Apr 30, 2012, 12:18 AM

Post #34 of 79 (2394 views)
Permalink
Re: rpki vs. secure dns? [In reply to]

On 29 Apr 2012, at 22:50, Nick Hilliard wrote:

> On 28/04/2012 14:04, Alex Band wrote:
>> At RIPE 63, six months ago, the RIPE NCC membership got a chance to vote
>> on RPKI at the general meeting. The result was that the RIPE NCC has the
>> green light to continue offering the Resource Certification service,
>> including all BGP Origin Validation related functionality. It's correct
>> that concerns were raised in the area of security, resilience and
>> operator autonomy, as you mention. These concerns are continuously being
>> evaluated and addressed. The response to the update that was given at
>> RIPE 64 two weeks ago indicated that the membership and Community are
>> happy with the approach the RIPE NCC is taking in this regard. Of course
>> I realize that some people will never be convinced, no matter which
>> steps are takenů
>
> Alex, I have to take exception with your statement that people in the RIPE
> region are generally happy about RPKI and the RIPE NCC RPKI project. They
> aren't.

That's not what I said. :)

> - a substantial number of people, both within the RIPE community and
> within the RIPE NCC membership have serious concerns about the long-term
> legal consequences of this project which have not (in their opinion) been
> addressed adequately.


I already linked to my RIPE64 presentation from two weeks ago before, but here it is again:
https://ripe64.ripe.net/presentations/77-RIPE64-Plenery-RPKI.pdf

Slide 2-4: we heard you. This is what I said:

>> The response to the update that was given at
>> RIPE 64 two weeks ago indicated that the membership and Community are
>> happy with the approach the RIPE NCC is taking in this regard.

This is where I suspect you may be:

>> I realize that some people will never be convinced, no matter which
>> steps are takenů

So all in all you quoted me well. :)

-Alex

Now getting in my car for some internet-free holidays in the sun. See you all in a week!
Attachments: smime.p7s (2.30 KB)


russw at riw

Apr 30, 2012, 6:41 AM

Post #35 of 79 (2402 views)
Permalink
Re: rpki vs. secure dns? [In reply to]

> free dinner at nanog/van for anyone who can explain how the dnssec
> approach meets the defcon attack. hint: it is a path attack, not an
> origin attack, and the dns pidgeon has no hooks to path attack
> prevention. at ripe, joe gersh asked me for an example of a path attack
> and i told him of the defcon demo. seems he also did not bother to do
> his homework. but it makes good pr.
....
> you are right, you have not done your homework. rpki-based origin
> validation asks no changes to bgp.

Free dinner to anyone who can explain how the RPKI piece of the SIDR
work resolves path attacks. You're comparing apples to oranges here.
Neither a DNS based solution nor the RPKI will resolve path attacks, so
neither apply to the type of attack you're talking about.

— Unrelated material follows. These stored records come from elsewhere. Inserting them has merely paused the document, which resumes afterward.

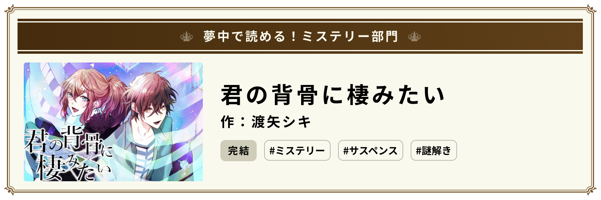 「君の背骨に棲みたい」作:渡矢シキ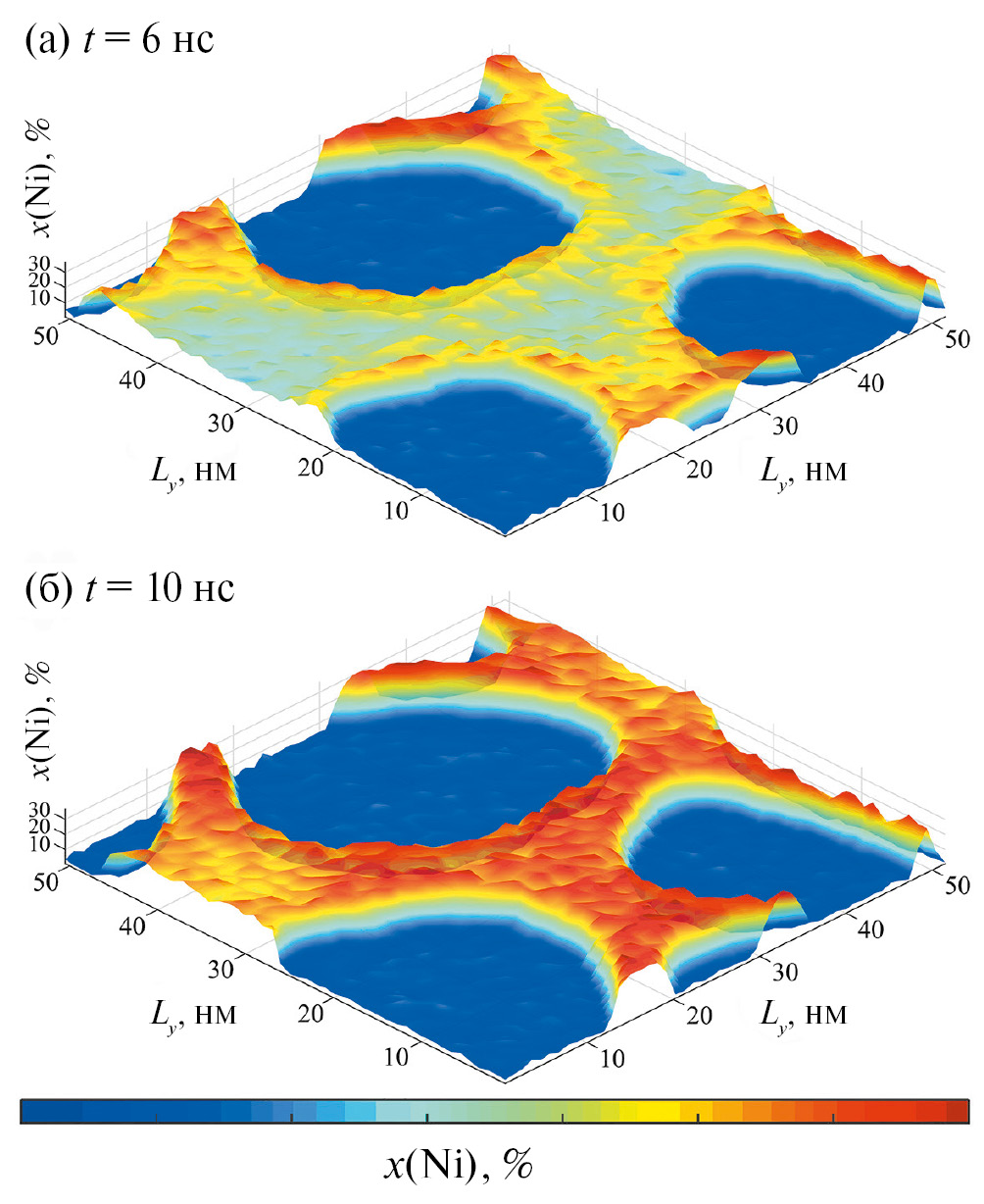 На рис. 6 видно, как происходит перераспределение никеля, а также замедление роста кристаллитов. Если в первые 2 нс расчета кристаллиты быстро увеличиваются в размерах, то с 6-й по 10-ю наносекунду их размеры практически не меняются. На рис. 6 также видны локальные области повышенной концентрации Ni, непосредственно прилегающие к поверхностям раздела расплава и кристаллитов (рис. 7а). Эти области повышенной концентрации образованы “лишним” никелем, который не растворился в растущих ОЦК-зернах и не успел из-за медленной по сравнению со скоростью роста зерна диффузии перераспределиться в расплаве. Изначально зерна растут равномерно во все стороны, однако при “встрече” двух растущих зерен повышенные концентрации никеля перед их межфазными границами “не дают” зернам расти навстречу друг другу. При этом рост кристаллитов продолжается в других направлениях, в которых “лишним” атомам Ni есть куда диффундировать. По истечении времени после окончания роста кристаллитов области повышенного содержания никеля перед границами раздела кристалла и жидкости рассасываются за счет диффузии, и концентрация никеля в расплаве выравнивается (рис. 7б), достигая равновесного значения на линии ликвидуса при данной температуре. Таким образом, при скоростях кристаллизации, сравнимых со скоростями перераспределения примесей, возможны флуктуации концентрации примесей вдоль нормали к фронту кристаллизации.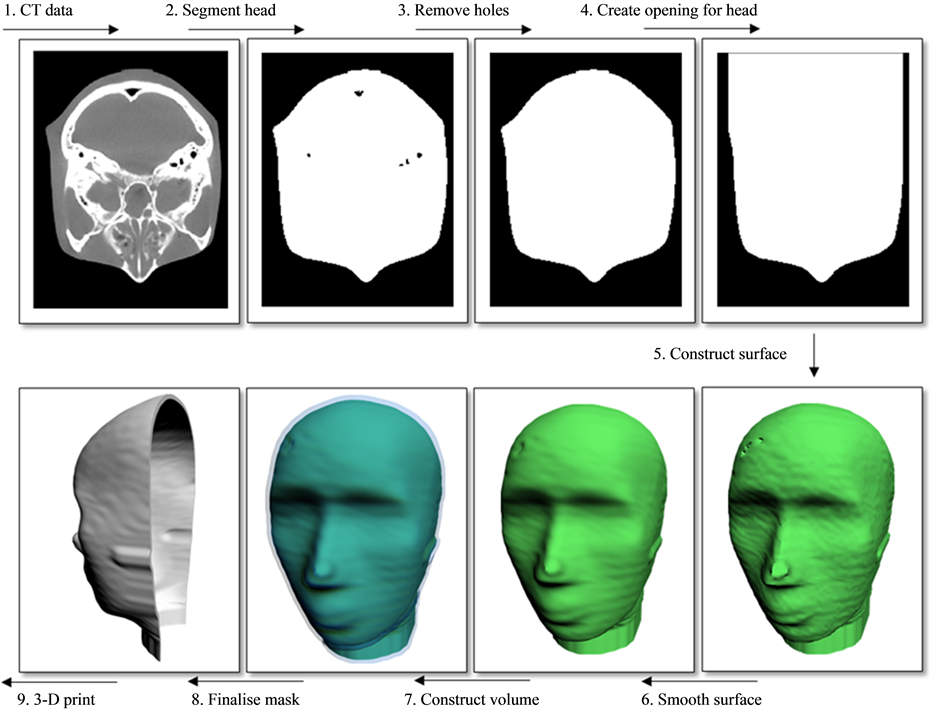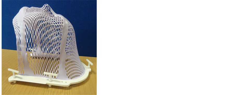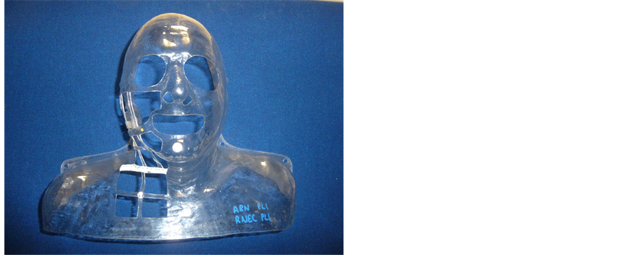 These are constructed either by directly draping heated thermoplastic over the patient’s face or by taking a plaster of Paris negative impression that is subsequently used to create a positive from which a polyethylene immobilization cast is vacuum formed. In either case, the process, which may need to be repeated to ensure that immobilization remains robust as treatment progresses, can be particularly distressing for patients. The Macmillan website describes the plaster of Paris process as potentially uncomfortable [3] , but in feedback questionnaires patients have described the process as horrific. Constructing masks is a skilled and time-consuming process that can delay the start of treatment. With recent developments in 3-D printing technologies the potential to generate an immobilization mask directly from a 3-D computer model of a patient comes. Typically, a patient requiring radiation therapy treatment will have had a CT scan and if a computer model of a mask could be obtained directly from the CT data it would reduce patient distress, reduce visits and possibly enable the patient to start their radiation therapy treatment sooner. A number of immobilization mask systems have been developed and technical specifications and methods of implementation vary considerably. High melting point thermoplastic systems prohibit target dislocations larger than 2 - 3 mm while lower melting point plastic meshes achieve set- up accuracies of between 4 - 5.5 mm [4] [5] . A margin of 3 - 4 mm is typically used when planning radiation therapy treatment to the head and neck to account for this uncertainty [6] .

There are solutions for this sort of attack. Everything from completely
loose, community based solutions to totally control freak horrible
solutions, like BGP-SEC (and which doesn't really solve the problem anyway).

> yes. rpki can also have that issue as the certs can have urls that use
> domain names. i believe they could use ip address urls instead. but
> the gathering operation differs greatly between the rpki and the dnssec
> based proposal. with the latter, you can't even tell you have the full
> set.

The problem at hand is relying on routing to build the routing system.
How does using an IP address rather than a DNS based hostname change the
need for routing to work before routing can work?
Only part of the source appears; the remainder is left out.